As vacinas ajudaram a reduzir expressivamente a incidência de muitas doenças fatais no mundo. A Organização Mundial da Saúde (OMS) calcula que cerca de 2 a 3 milhões de mortes por ano são evitadas com as vacinas. Mas, afinal, como saber se as vacinas são seguras, de fato? 

Você sabe o que é uma vacina?

Antes de entender o que é uma vacina, é bom esclarecer o que é a doença. Quando um vírus ou bactéria entra no organismo, eles invadem as células, onde vão se reproduzindo e se multiplicando. Essa multiplicação é chamada de infecção e esse processo resultará na doença. O organismo imediatamente tenta se defender, iniciando a fabricação de anticorpos, que pode demorar alguns dias, e nem sempre será efetivo.

As vacinas são substâncias biológicas que, ao serem introduzidas no organismo,  estimulam o sistema imunológico a produzir anticorpos. Quando a pessoa está vacinada, ela tem os anticorpos prontos para atacar o vírus ou bactéria que entrar em seu organismo.

Existem dois tipos de vacinas:

– Vacinas inativadas (vírus morto): produzidas através de tecnologias que inativam os agentes infecciosos, e usam partes desses agentes, sem o material genético.

– Vacinas atenuadas: são produzidas para enfraquecer a ação do agente agressor, de forma que, ao ser introduzido no organismo, este agente enfraquecido se multiplica somente o suficiente para estimular uma resposta imunológica adequada e segura.

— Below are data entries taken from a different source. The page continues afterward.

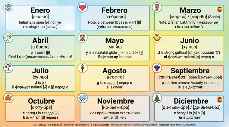 Испанские месяцы похожи на русские и английские — все они происходят от латыни. Но есть нюансы, которые сразу выдают новичка: неправильное ударение, мягкость согласных или забытая буква. Давайте разберём каждый месяц с точки зрения произношения и грамматики.
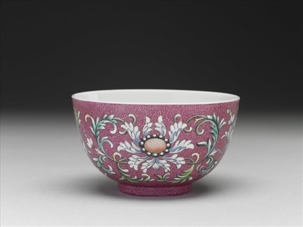 敞口,弧壁,矮圈足。器內壁為白地,光素無紋,外壁紫紅地上錐剔卷草紋,口沿與足底留白一周,隙地加飾彩繪折枝洋花三朵,兩側飾對稱綠葉,枝葉捲曲柔軟,錯落有致。器底為白地,以青花書「大清乾隆年製」六字三行篆款,青花色澤淺淡。於錦地隙處繪飾花紋之技法又稱為「錦上添花」,為乾隆朝琺瑯彩瓷常見之技法。
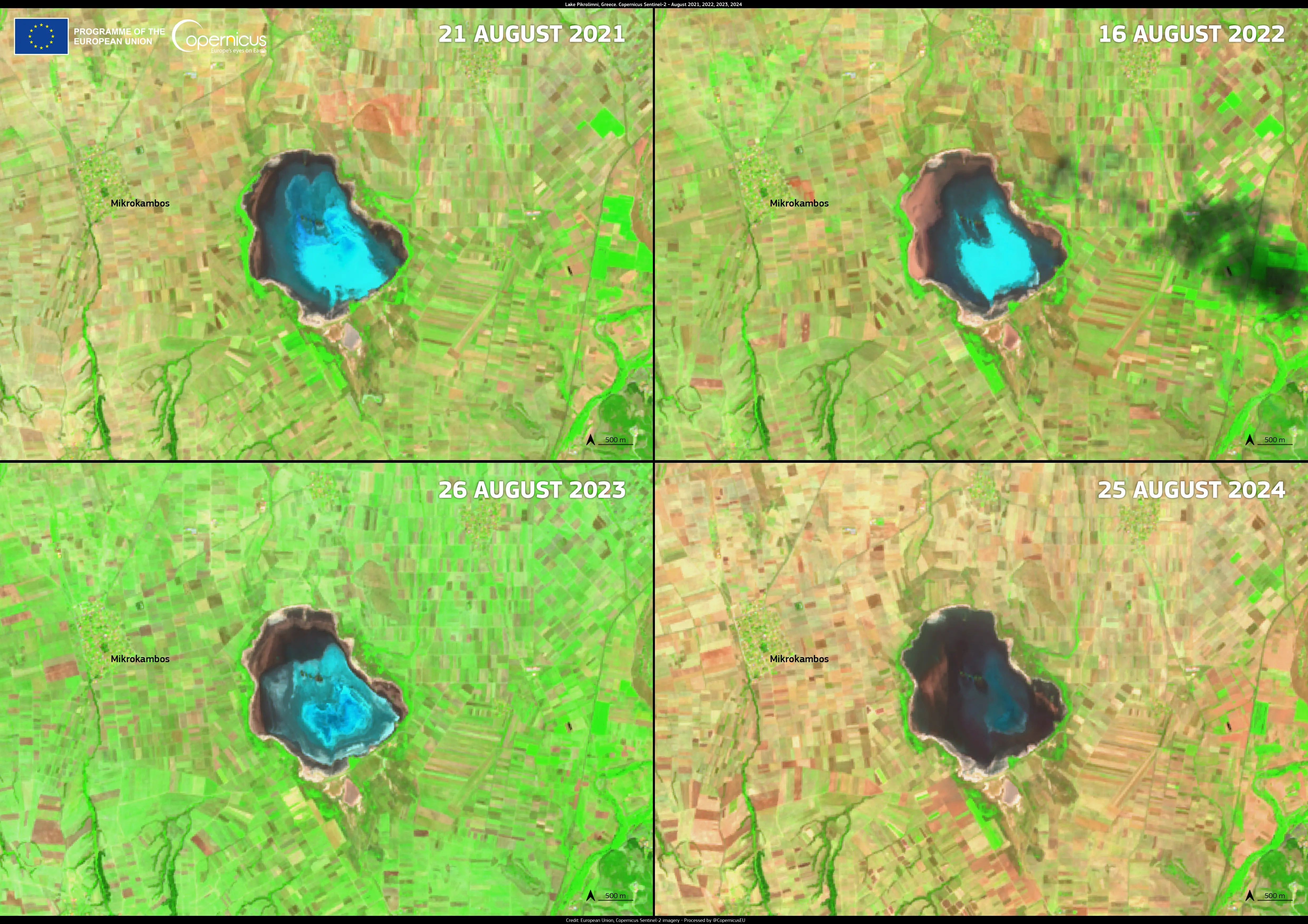 These images, acquired by the Copernicus Sentinel-2 satellites between August 2021 and August 2024, vividly illustrate the progressive drying of Lake Pikrolimni. Once known as a popular destination for therapeutic mud baths, the lake has now been transformed into cracked, dry land.
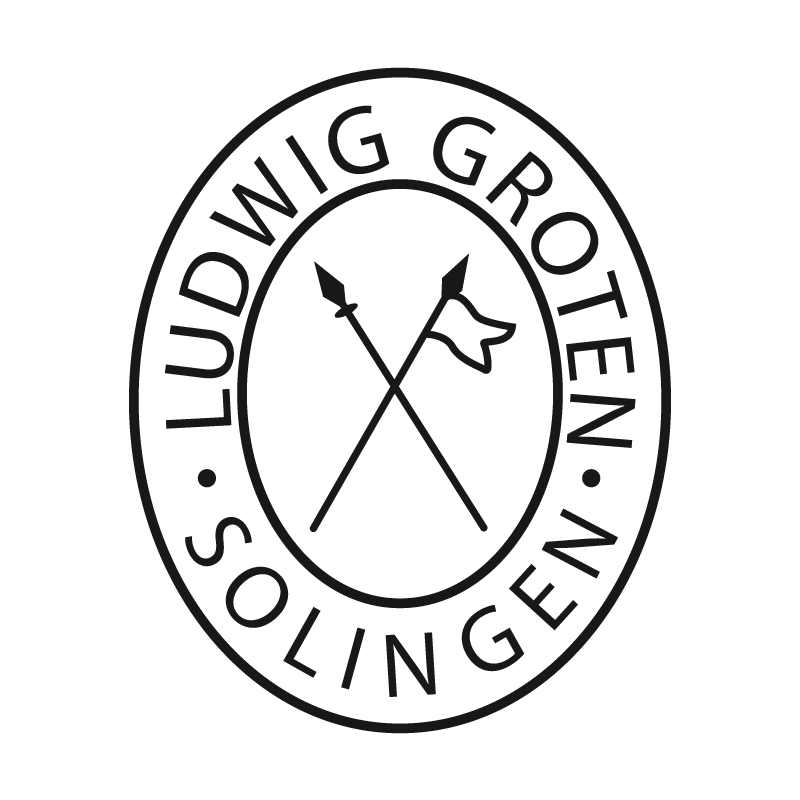 Логотип Людвиг Гротен показывает текст „Ludwig Groten Solingen“ в чётком, растянутом шрифте, часто с стилизованным якорем, символизирующим стабильность и качество, обычно вытравленным на клинках.
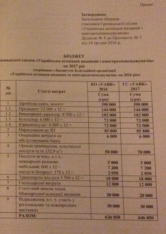 Ілюстрація 2 Бюджет ГС "УАВК" на 2017 рік
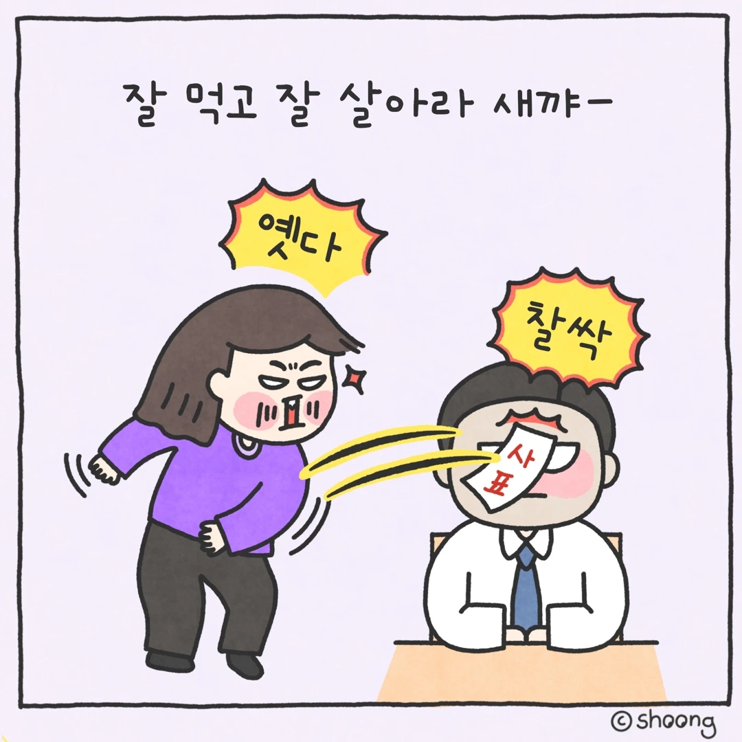 사장(님) 면상에 사직서 날려주는 그림
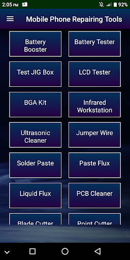 Mobile Phone Repairing Tools This apps includes to mobile Mobile Repairing Tools. Mobile Repairing Course includes Android mobile repairing guide and disassembling process, Help, Tips, Pictures Solution Battery checking etc. Mobile phone faults and solutions Mobile Repairing Course guide app covers the complete full course in Mobile Repair and Cell phone repairing.

Mas, afinal, as vacinas são seguras?

Toda vacina, para ser licenciada no Brasil, passa por um rigoroso processo de avaliação pela Agência Nacional de Vigilância Sanitária (Anvisa). Esse órgão, regido pelo Ministério da Saúde, analisa os dados das pesquisas, muitas vezes realizadas ao longo de décadas, e que demonstram os resultados de segurança e eficácia da vacina obtida em estudos com milhares de humanos voluntários de vários países. O objetivo é se certificar de que o produto é de fato capaz de prevenir determinada doença sem oferecer risco à saúde.

No Brasil, o Programa Nacional de Imunizações (PNI) é responsável por organizar a política de vacinação da população brasileira. O nosso calendário vacinal é considerado pela Organização Mundial da Saúde, um dos mais completos do mundo. 

Por que existem pessoas que são contra as vacinas?

As críticas sobre as vacinas existem desde que as primeiras campanhas de vacinação foram organizadas. Alguns críticos questionam a forma como as vacinas são desenvolvidas, ou argumentam contra a obrigatoriedade da vacinação, que atacaria liberdades individuais. Existem ainda questionamentos sobre o número de vacinas, se este não seria excessivo e, por isso, prejudicial. Além das críticas, existe ainda um temor por reações adversas que podem ser provocadas pelas vacinas.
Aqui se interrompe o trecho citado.